# old book



## data (Apr 22, 2005)

I've been trying to get hold of a book I've read about 10 years ago but don't know when it was published. The story is more fantasy than science fiction and involves egyptiaon magic and switching bodies. It also involves a well known author ( 18th century) that disappeared mysteriously and the story just tries to reconcile that by providing a magical storyline. Sorry that's all I have..


----------



## Jayaprakash Satyamurthy (Apr 22, 2005)

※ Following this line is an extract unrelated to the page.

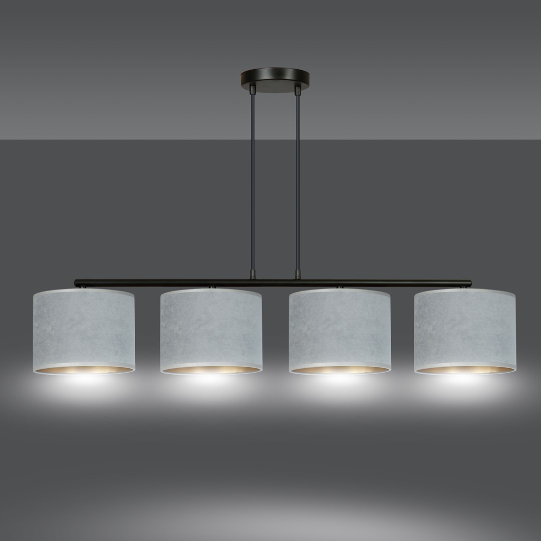 Die HILDE 4 BL GRAY Pendelleuchte von Emibig ist die perfekte Wahl für moderne Wohnräume. Mit ihrem schlichten, eleganten Design und der Kombination aus pulverbeschichtetem Stahl und einem grauen Stoffschirm bringt sie eine stilvolle Atmosphäre in Ihr Zuhause.

The Anubis Gate by Tim Powers. 

Amazon review:



> Author Tim Powers evokes 17th-century England with a combination of meticulously researched historic detail and imaginative flights in this sci-fi tale of time travel. Winner of the 1984 Philip K. Dick Award for best original science fiction paperback, this 1989 edition of the book that took the fantasy world by storm is the first hardcover version to be published in the United States. In his brief introduction, Ramsey Campbell sets _The Anubis Gates_ in an adventure context, citing Powers's achievement of "extraordinary scenes of underground horror, of comedy both high and grotesque, of bizarre menace, of poetic fantasy."
> The colonization of Egypt by western European powers is the launch point for power plays and machinations. Steeping together in this time-warp stew are such characters as an unassuming Coleridge scholar, ancient gods, wizards, the Knights Templar, werewolves, and other quasi-mortals, all wrapped in the organizing fabric of Egyptian mythology. In the best of fantasy traditions, the reluctant heroes fight for survival against an evil that lurks beneath the surface of their everyday lives._--_


----------



## data (Apr 22, 2005)

Thanks. This seems to be the book!


----------



## dwndrgn (Apr 22, 2005)

That's it.  Now I've got to read some Tim Powers.


----------



## The Master™ (Apr 22, 2005)

That was the FASTEST response to one of those enquiries, I HAVE EVER SEEN!!! JP, you need to get out more dude!!!


----------



## Stalker (May 24, 2005)

Yep, that's _Anubis Gates_ by Tim Powers. A brilliant book! Breathtaking travel to Dickens' London with excursus to poetry of Romanticism. One of the first novels that fall into the new genre of criptohistory that also borders on Fantasy and time travel.


----------